Norwegian Registry of Consumer Debt improves the predictive performance.

The scope of the thesis is limited to customers in the Norwegian market

who was granted consumer debt by the examined company in the period

of November 2019 - February 2020. Several resampling techniques as well as

cost-sensitive learning were explored as the data was highly imbalanced. The

issue was ultimately addressed with cost-sensitive learning, by assigning weights

to the classes. The following machine learning (ML) models were explored: ML

version of Logistic Regression, Random Forest and eXtremeGradientBoosting.

These models were optimized and compared with traditional statistical models.
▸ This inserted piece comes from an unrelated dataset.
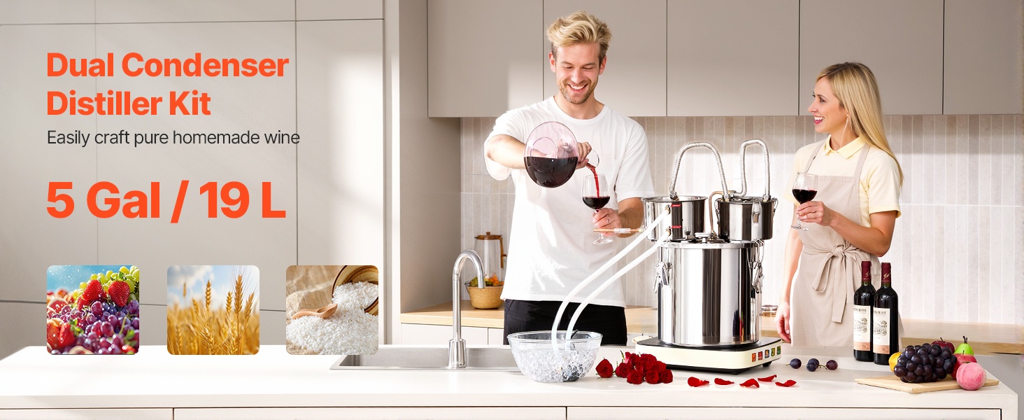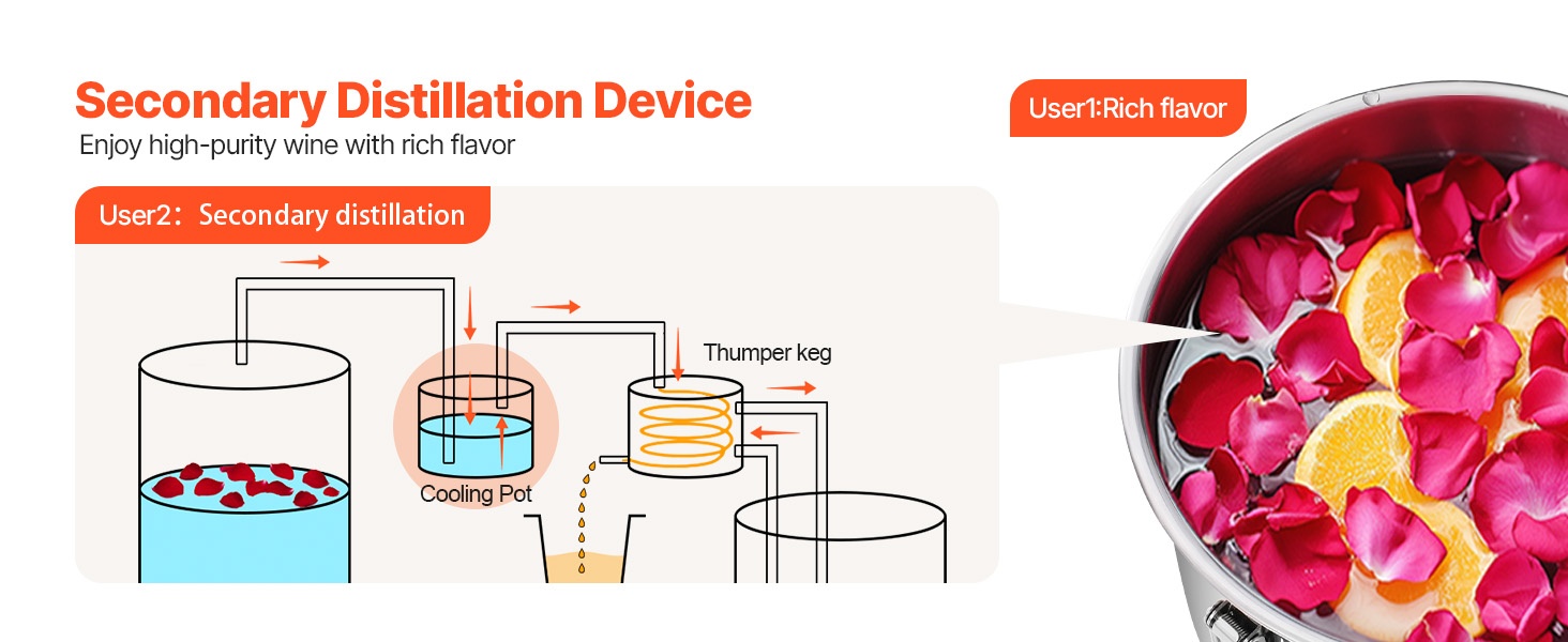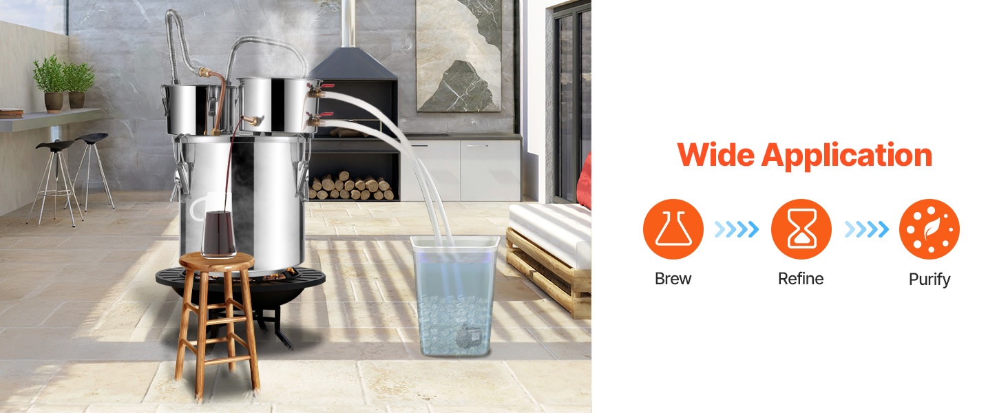 - Kaksinkertainen jäähdytin ja väliastia toissijaiseen tislaukseen paremman puhtauden ja maun saavuttamiseksi.

The models were trained on a stratified random selection consisting of 85% of

the data. The results were obtained by deploying the model on the remaining

15% of the data, called the holdout data. The ML models were individually

optimized across three dimensions: variable selection, hyperparameter tuning,

and resampling technique. Ultimately, the best performing model was

eXtremeGradientBoosting trained on data with no resampling, 66 variables

and a minority class weight of 36:1.

The study concludes that a machine learning model can create value by

predicting default at the time of credit application, as 44% of the applicants

who defaulted were predicted correctly. This comes at the expense of a 4%

misclassification of applicants who did not default. However, monetary losses are

reduced as the avoided loss exceeds the potential loss of income. Additionally,

the information from the Norwegian Debt Registry contributed to an increase

in performance by correctly predicting more defaults.

Keywords – Machine Learning, Consumer Debt, Debt Registry, BI

Masteroppgave(MSc) in Master of Science in Business Analtyics - Handelshøyskolen BI, 2021

Handelshøyskolen BI